Hierbij het eerste verhaaltje op mijn reisblog. Het regent hier als de gekke dus nu heb ik even de tijd om jullie een verhaaltje te sturen. Afgelopen woensdagmorgen ben ik hier in Bangkok aangekomen. Nadat ik naar het 'New road guesthouse' was getransporteerd heb ik mijn spullen in mijn kamer gelegd en ben Bangkok gaan verkennen.
Bangkok is een aardige heksenketel, maar het enorm drukke verkeer, het wisselvallige weer en de drukke Aziaatjes maken het bij elkaar een gave ervaring. De eerste dag ben ik met een paar andere Nederlanders de stad in geweest. We hebben een beetje door de stad gedwaald, langs Khao San Road (waar het overdag nog rustig is.) Met een soort boottaxi is alles gemakkelijk te bereiken. 's Avonds zijn we naar de skybar geweest, bekend uit The Hangover 2. ;) Daarna nog naar de nightmarket geweest, een mix van maandagmarkt en bordeel. Daar zie je dingen waarvan je niet wist dat ze bestonden.

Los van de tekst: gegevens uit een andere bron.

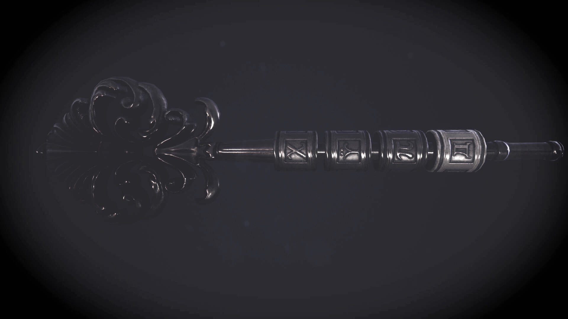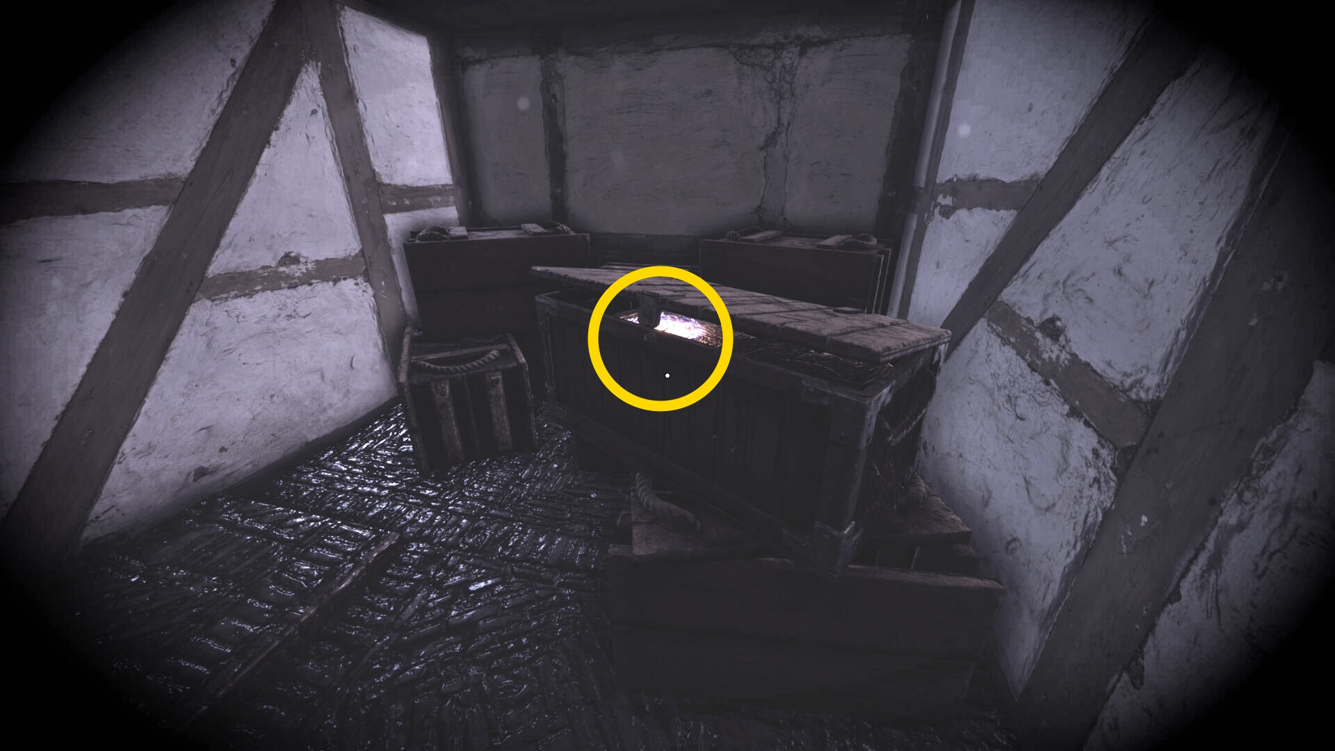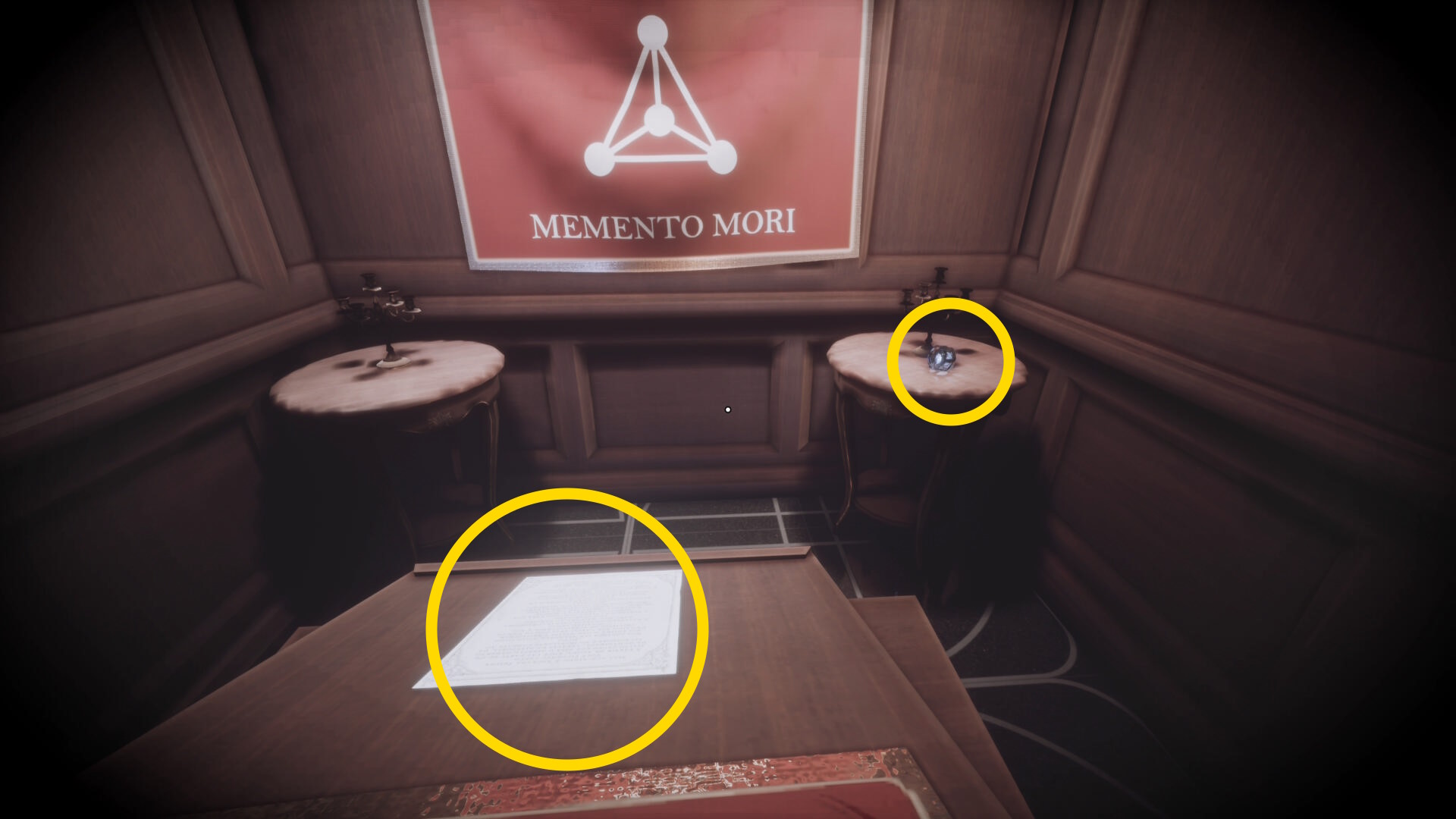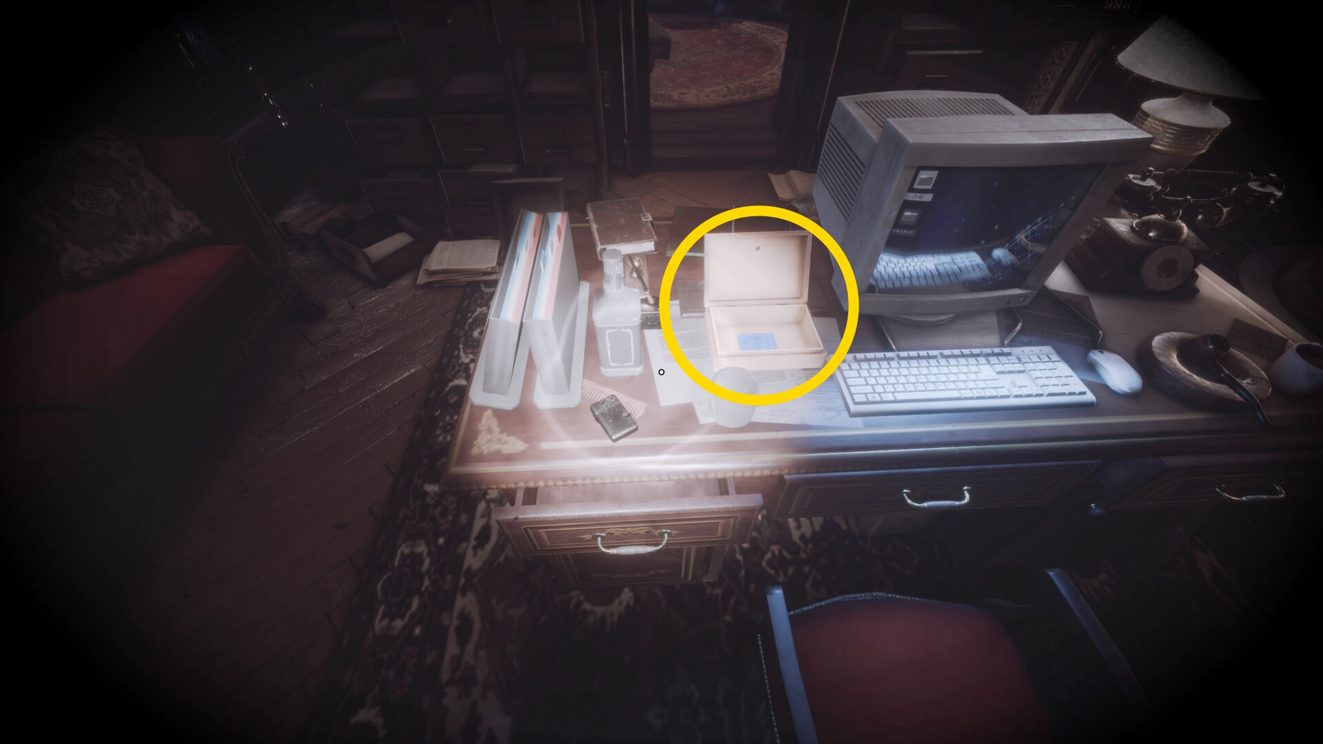 • 階段を登りきった正面のドアを開け、細長い箱から 華やかな鍵鉄の部品1~3 を回収し、組み合わせて モジュール式鍵 にする

De tweede dag was een beetje een drama voor mij. Ik ben alleen weggegaan om wat spullen te kopen en dollars te halen voor een visum. Op een klein marktje is mijn portefueille uit een dichte zak gejat. Met mijn creditcard en pinpas. Daar ben ik wel ff zuur van. Vooral omdat ik ze alleen voor de dollars mee had genomen de stad in. Gelukkig wilden de andere Nederlanders mij wel wat geld lenen. Ik ben met de bank aan het overleggen hoe dat nu verder moet.Misschien vatte de taxichauffeur het nog wel het best samen met zijn gevleugelde; Oh my Buddha!!! 's Avonds zijn we naar Khao San Road geweest, een gezellige mix van drank, winkeltjes met gefrituurde insecten, tattooshops, bars en nog eens drank. Een mooie manier om de zinnen te verzetten.

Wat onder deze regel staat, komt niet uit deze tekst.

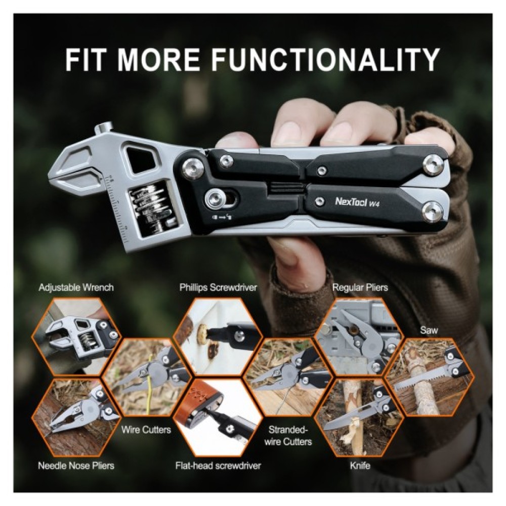 NexTool Wrench W4 — це мультитул для тих, хто не звик вибирати між міцністю та універсальністю. Модель має 2 повнорозмірні інструменти: потужні плоскогубці та розвідний ключ з розкриттям до 25 мм. Ключ оснащений запатентованим храповим механізмом, який дозволяє швидко змінювати захоплення без необхідності складного переналаштування — жодних зайвих рухів, тільки точна та швидка робота!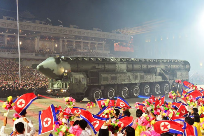 Líder norcoreano supervisa desfile militar con drones y misil balístico intercontinental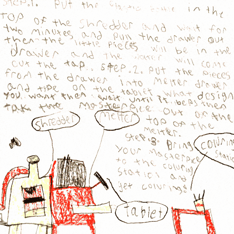 I zoomed with Erica a short time later to discuss her invention and we went over my drawing of her invention ”Plastic Masterpiece Maker”. My drawing shows an industrial plant with a conveyor belt running from one machine to the next. Erica agreed and had a few thoughts about what colours she would like to see, she gave the go ahead and work began to bring her invention to life.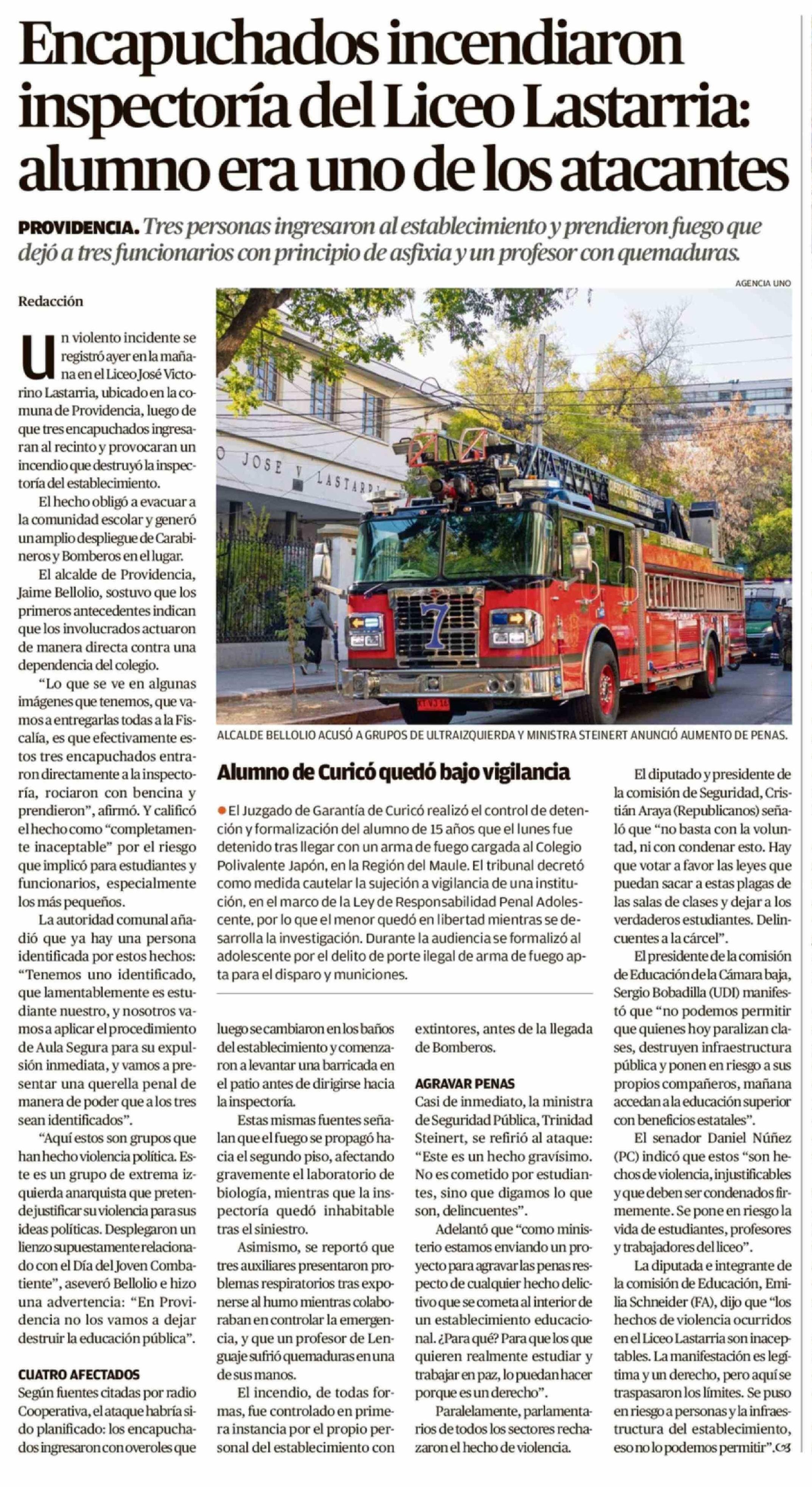 Encapuchados incendiaron inspectoría del Liceo Lastarria: alumno era uno de los atacantes

Vandaag heb ik samen met Ray ( een hostelgenoot uit de Phillipijnen) een aantal tempels in de stad bezocht. Deze tempels zijn heel erg mooi en heel erg goud. Omdat dit Azie is ging het plotsklaps regenen zodat we door enkelhoge plassen terug naar het hostel moesten rennen. Dit is achteraf gezien best grappig. Straks gaan we even wat eten, hij wil mij de Aziatische keuken laten proeven. Ben benieuwd.